→ TASK DETAILS
The records below hold pictures; please leave those out and retype the rest exactly.

→ EXTRACTED INFORMATION
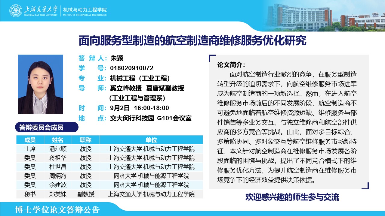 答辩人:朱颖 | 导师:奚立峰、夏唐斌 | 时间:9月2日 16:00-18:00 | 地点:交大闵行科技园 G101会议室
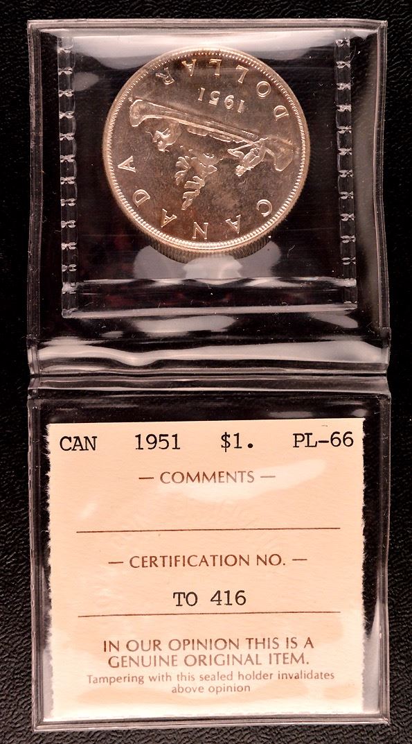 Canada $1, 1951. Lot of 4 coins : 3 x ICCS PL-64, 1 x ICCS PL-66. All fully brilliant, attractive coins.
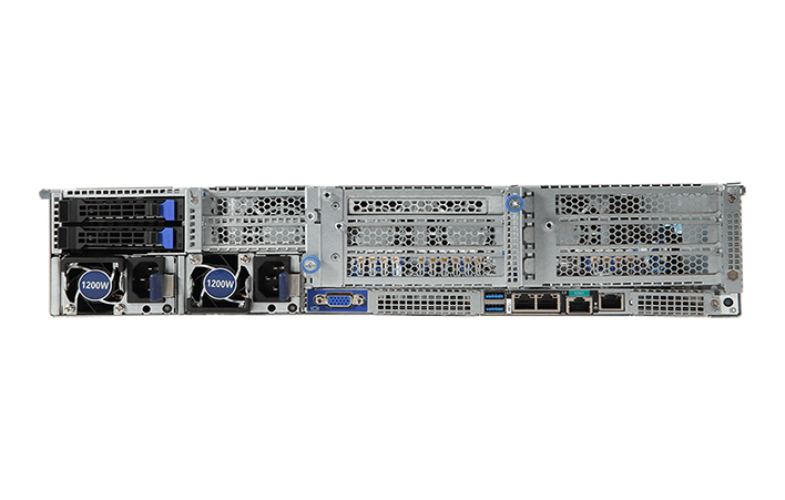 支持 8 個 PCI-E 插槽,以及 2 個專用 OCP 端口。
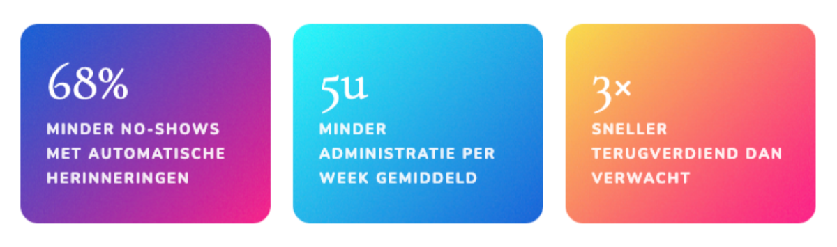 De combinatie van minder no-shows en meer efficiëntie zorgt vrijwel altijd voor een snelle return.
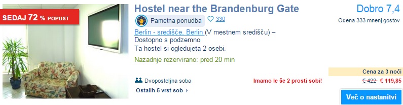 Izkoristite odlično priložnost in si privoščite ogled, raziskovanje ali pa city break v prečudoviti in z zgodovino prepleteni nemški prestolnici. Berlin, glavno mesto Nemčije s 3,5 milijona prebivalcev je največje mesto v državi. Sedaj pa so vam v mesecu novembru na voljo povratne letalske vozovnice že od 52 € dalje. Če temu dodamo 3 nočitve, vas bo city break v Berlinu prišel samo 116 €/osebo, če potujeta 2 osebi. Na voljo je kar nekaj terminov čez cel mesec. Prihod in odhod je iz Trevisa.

→ ANSWER SECTION
 答辩人:朱颖 | 导师:奚立峰、夏唐斌 | 时间:9月2日 16:00-18:00 | 地点:交大闵行科技园 G101会议室
 Canada $1, 1951. Lot of 4 coins : 3 x ICCS PL-64, 1 x ICCS PL-66. All fully brilliant, attractive coins.
 支持 8 個 PCI-E 插槽,以及 2 個專用 OCP 端口。
 De combinatie van minder no-shows en meer efficiëntie zorgt vrijwel altijd voor een snelle return.
 Izkoristite odlično priložnost in si privoščite ogled, raziskovanje ali pa city break v prečudoviti in z zgodovino prepleteni nemški prestolnici. Berlin, glavno mesto Nemčije s 3,5 milijona prebivalcev je največje mesto v državi. Sedaj pa so vam v mesecu novembru na voljo povratne letalske vozovnice že od 52 € dalje. Če temu dodamo 3 nočitve, vas bo city break v Berlinu prišel samo 116 €/osebo, če potujeta 2 osebi. Na voljo je kar nekaj terminov čez cel mesec. Prihod in odhod je iz Trevisa.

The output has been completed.